I have a dream that one day the state of Alabama, whose governor's lips are presently dripping with the words of interposition and nullification, will be transformed into a situation where little black boys and black girls will be able to join hands with little white boys and white girls and walk together as sisters and brothers. I have a dream today. I have a dream that one day every valley shall be exalted, every hill and mountain shall be made low, the rough places will be made plain, and the crooked places will be made straight, and the glory of the Lord shall be revealed, and all flesh shall see it together. This is our hope. This is the faith with which I return to the South. With this faith we will be able to hew out of the mountain of despair a stone of hope. With this faith we will be able to transform the jangling discords of our nation into a beautiful symphony of brotherhood. With this faith we will be able to work together, to pray together, to struggle together, to go to jail together, to stand up for freedom together, knowing that we will be free one day.

This will be the day when all of God's children will be able to sing with a new meaning, "My country, 'tis of thee, sweet land of liberty, of thee I sing. Land where my fathers died, land of the pilgrim's pride, from every mountainside, let freedom ring." And if America is to be a great nation, this must become true. So let freedom ring from the prodigious hilltops of New Hampshire. Let freedom ring from the mighty mountains of New York. Let freedom ring from the heightening Alleghenies of Pennsylvania! Let freedom ring from the snowcapped Rockies of Colorado! Let freedom ring from the curvaceous peaks of California! But not only that; let freedom ring from Stone Mountain of Georgia! Let freedom ring from Lookout Mountain of Tennessee! Let freedom ring from every hill and every molehill of Mississippi.
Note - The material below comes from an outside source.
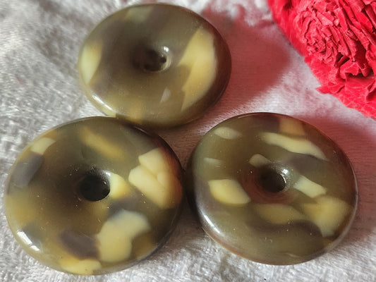 Trio gros boutons anciens vert moucheté veste trous 3,4 cm ref 7020

From every mountainside, let freedom ring.

When we let freedom ring, when we let it ring from every village and every hamlet, from every state and every city, we will be able to speed up that day when all of God's children, black men and white men, Jews and Gentiles, Protestants and Catholics, will be able to join hands and sing in the words of the old Negro spiritual, "Free at last! free at last! thank God Almighty, we are free at last!"